-- What to do --
Of the entries below, repeat exactly only those lines from the one containing "Trần nhà hàng" through the last line, with pictures omitted.

· · · · · · ·

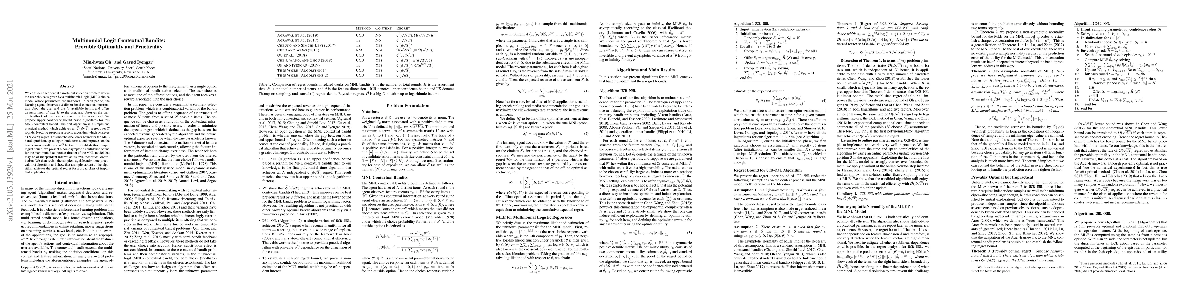 This paper proposes algorithms for multinomial logit contextual bandits, achieving optimal regret bounds with practical efficiency. The first algorithm offers a $\tilde{\mathcal{O}}(d\sqrt{T})$ regret, while the second achieves $\tilde{\mathcal{O}}(\sqrt{dT})$ regret, improving previous results by a $\sqrt{d}$ factor.
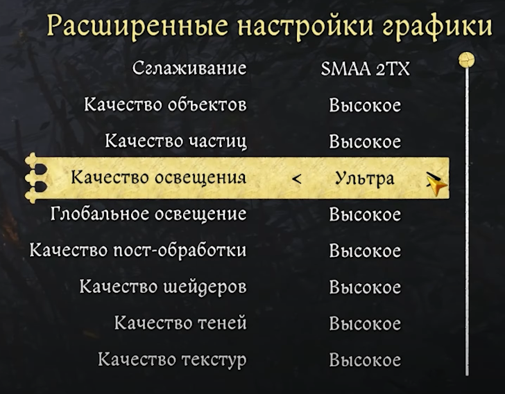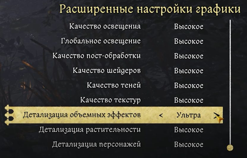 Учитывая минимальную визуальную разницу между пресетами, я рекомендую использовать низкое качество для видеокарт до RTX 3070 и высокое для более мощных. Единственное заметное влияние на производительность происходит при переходе на ультра-качество. Экспериментальный вариант делает объемные эффекты более выраженными, но требует дополнительных ресурсов.
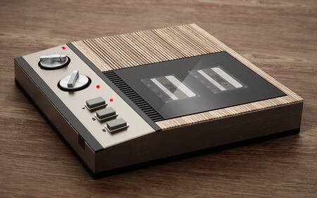 Retro dusty boombox (tape recorder) on a shelf in a garage
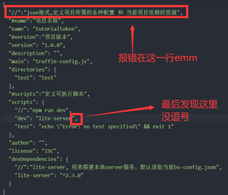 报错在第一行,找啊找,注释格式么得问题,引号英文的,加英文逗号了, 搞了半天, 发现是后面每加逗号emm
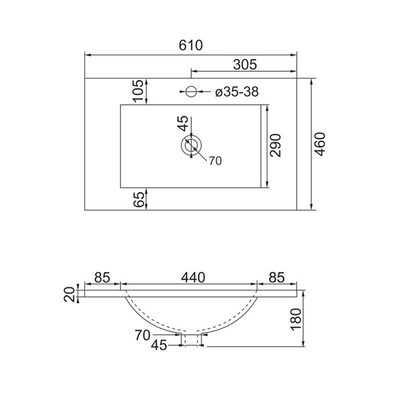 Umývadlo z liateho mramoru je ošetrené povrchovou úpravou Evermite. Jedná sa o polymérový základ ktorá činí umývadlo odolnejšie, vytvára ochrannú bariéru. Tá minimalizuje riziko poškodenia spôsobené používaním. Vďaka úprave Evermite je povrch o 40% odolnejšia voči oderu. Hladký povrch a nízka priepustnosť zabraňuje usadzovaniu vodného kameňa a mydlových zvyškov. Povrch vždy vyčistíte od stôp kávy a čaju, nezažloutne. Povrch je odolný aj voči silným chemikáliám. Umývadlo je určené pre nábytok, nie je možné inštalovať samostatne na stenu. Zápustné umývadlá podporia moderný a elegantný vzhľad každej kúpeľne a doladia tak celkový dizajn interiéru. Umývadlá možno osadiť do dosky aj vo viacerých kusoch vedľa seba.
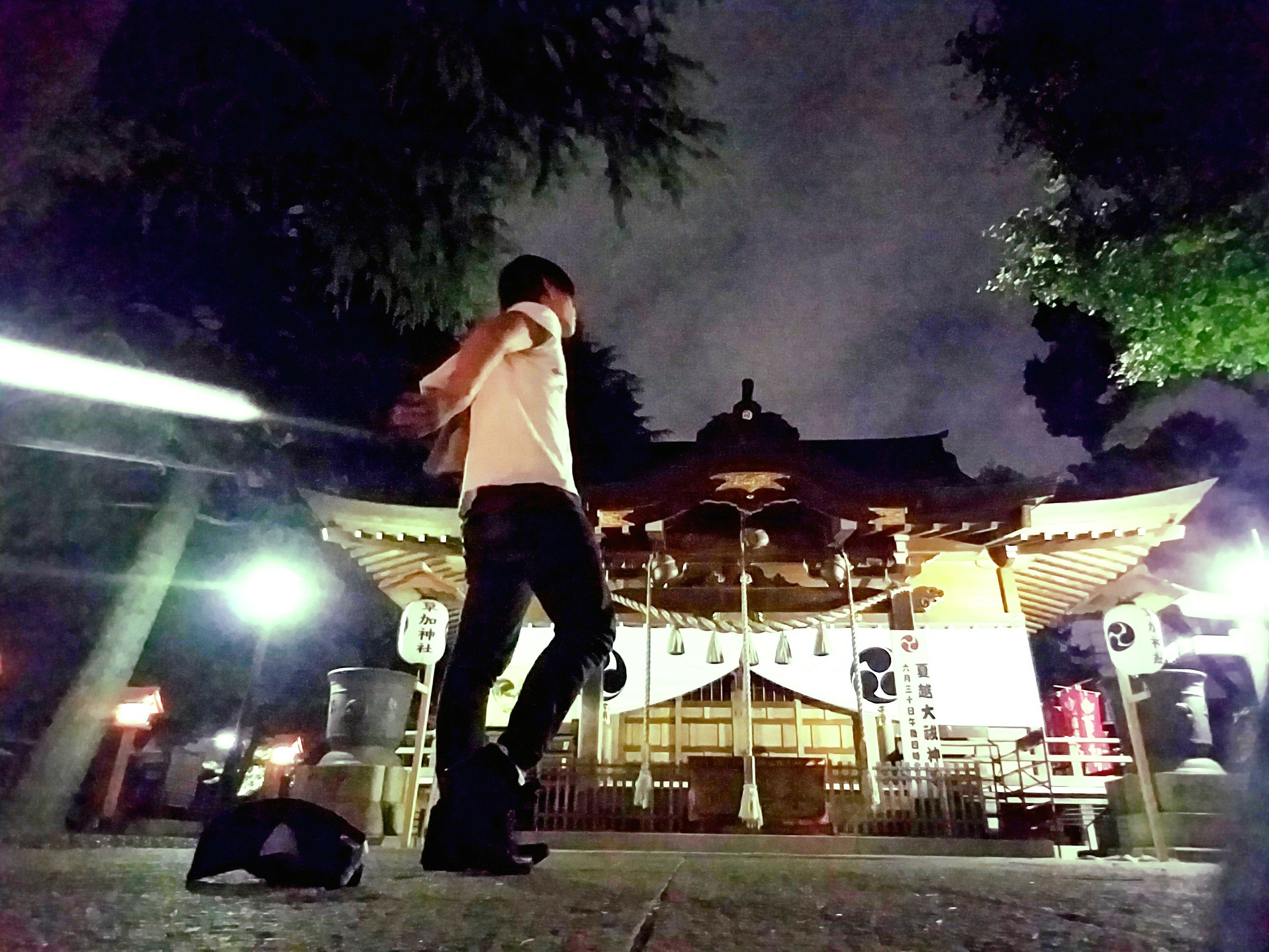 草加神社を深夜にお参り٩(•ᴗ• ٩)
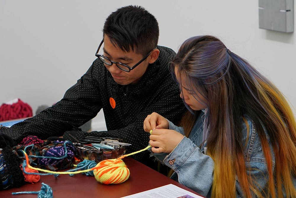 Vistors to the Van Abbemuseum in Eindhoven, the Netherlands, learning to crochet corals at the exhibitions Trade Markings: Frontier Imaginaries. Photo courtesy of the Van Abbemusuem, 2018.
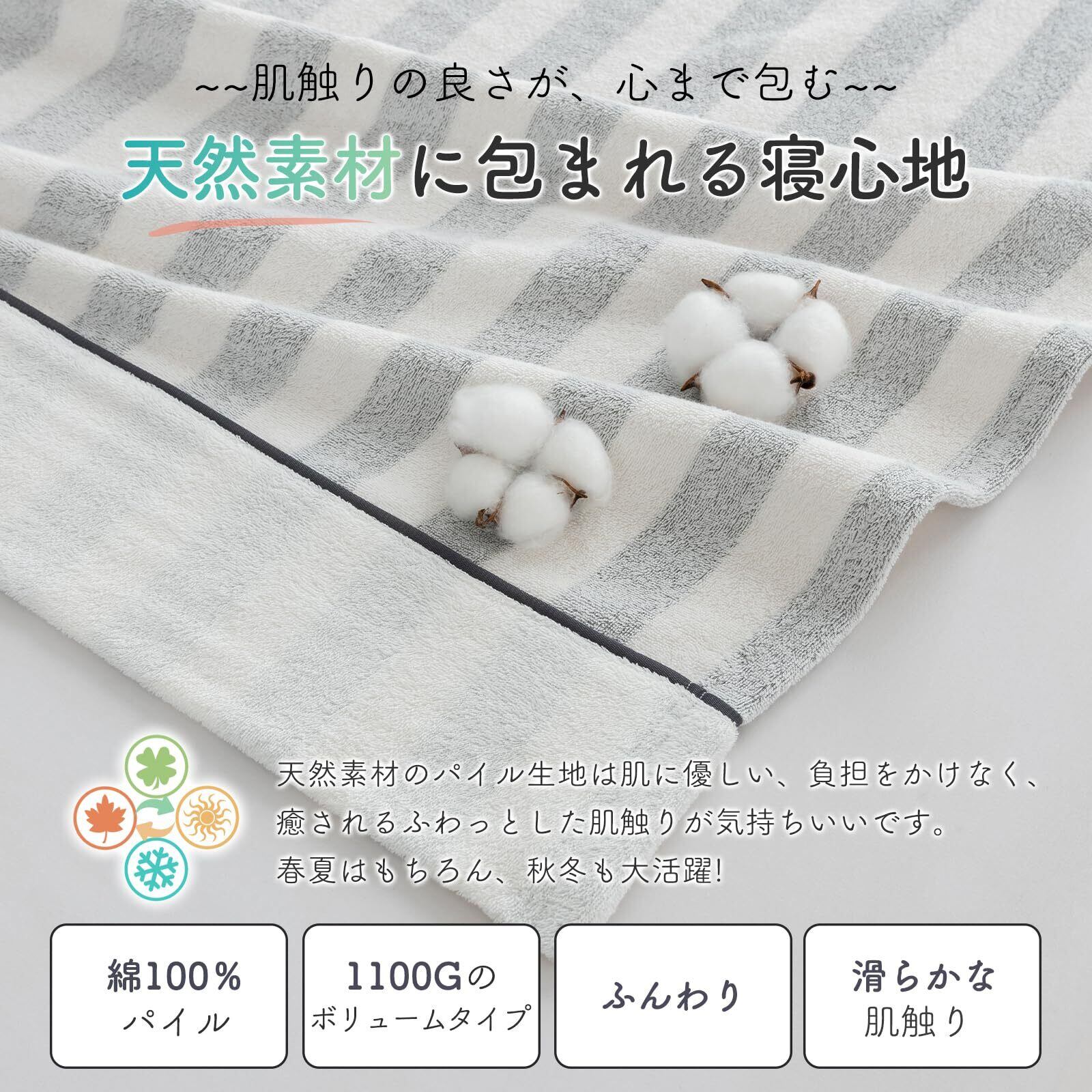 【コットン100%の肌触りでいい寝心地】天然コットン100%の糸を贅沢に使用し、天然素材のパイル生地は肌に優しい、負担をかけなく、天然繊維に包まれる寝心地です。ボリュームがあり、ふんわり滑らかな肌触りとなっております。厚手タイプで春夏は1枚で、秋冬は掛け布団と掛け合わせて、オールシーズンお使いになれます。環境にも人体にもやさしい天然素材で作られため、赤ちゃんや敏感肌の方にも安心してご使用いただきます。
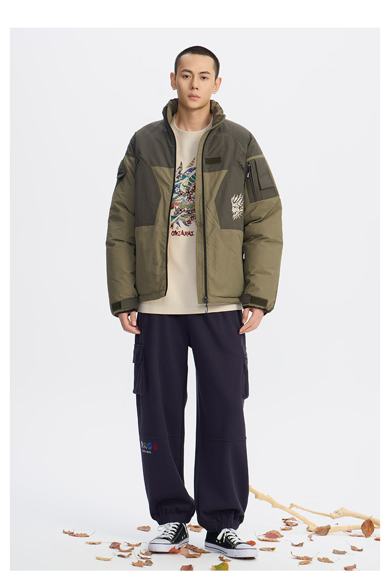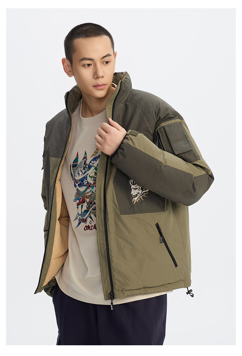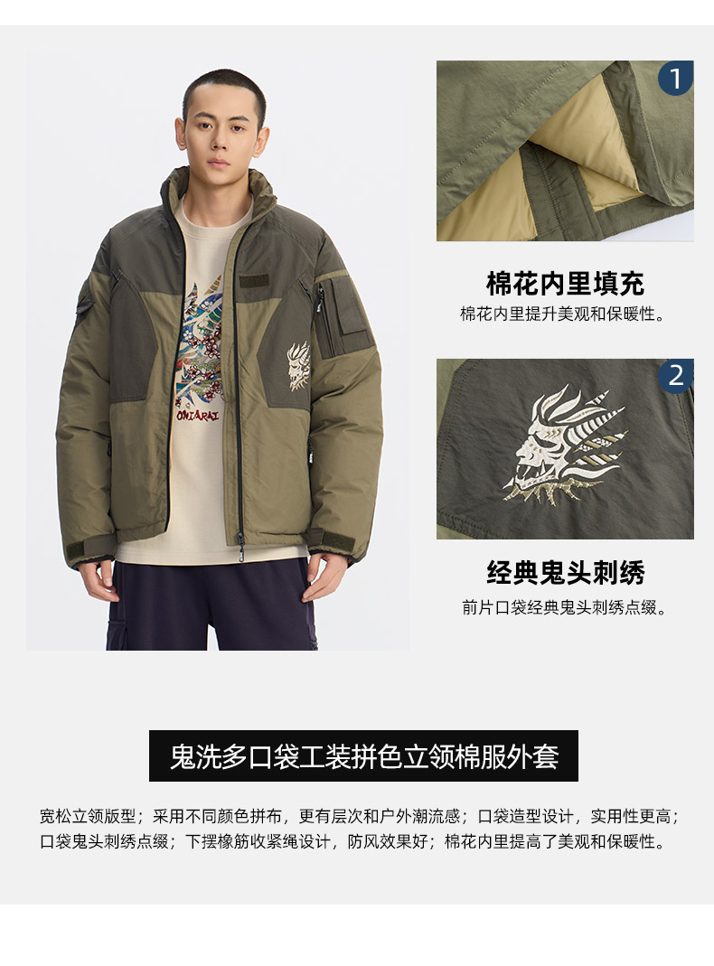 ONIARAI/鬼洗25秋冬新品多口袋工装拼色立领棉服外套男式 B340243
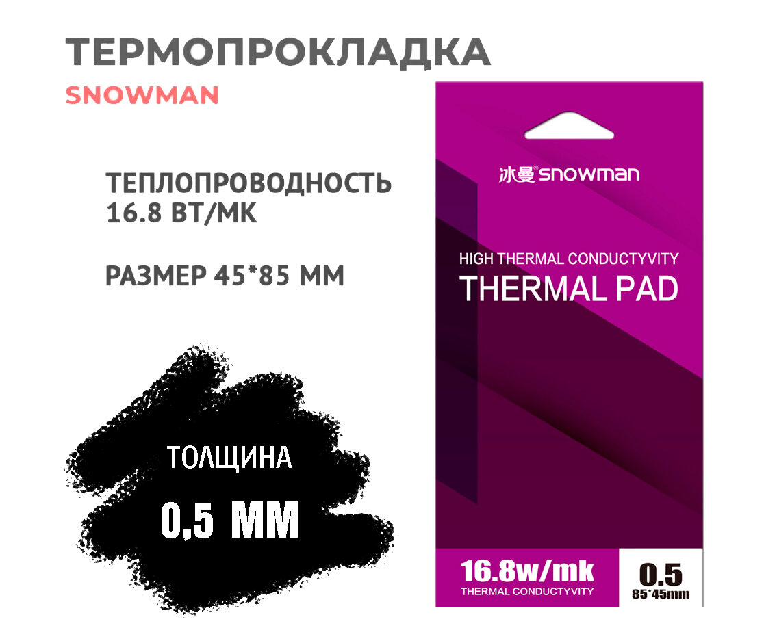 Термопрокладка силиконовая Snowman 16,8 Вт 0,5мм для рассеивания тепла процессора/графического процессора, 85*45мм, 0,5мм интересное:
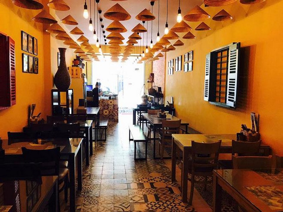 Trần nhà hàng được thiết kế mang đậm dấu ấn truyền thống Việt
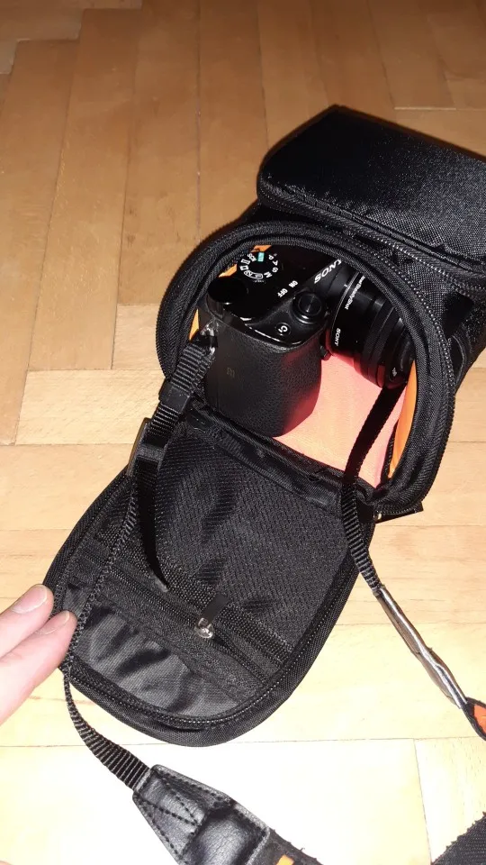Он меньше, чем я думал, но он все еще отлично работает для моей Sony Alpha 6100 с целью. 16-50. Он имеет внешний карман и внутренний карман и имеет регулируемый ремешок, так что его можно носить в руке или плече. Очень красивый. Выглядит жестко. Он прибыл примерно через две недели в Испанию.

· · · · · · ·

-- Exercise solution --
 Trần nhà hàng được thiết kế mang đậm dấu ấn truyền thống Việt
Он меньше, чем я думал, но он все еще отлично работает для моей Sony Alpha 6100 с целью. 16-50. Он имеет внешний карман и внутренний карман и имеет регулируемый ремешок, так что его можно носить в руке или плече. Очень красивый. Выглядит жестко. Он прибыл примерно через две недели в Испанию.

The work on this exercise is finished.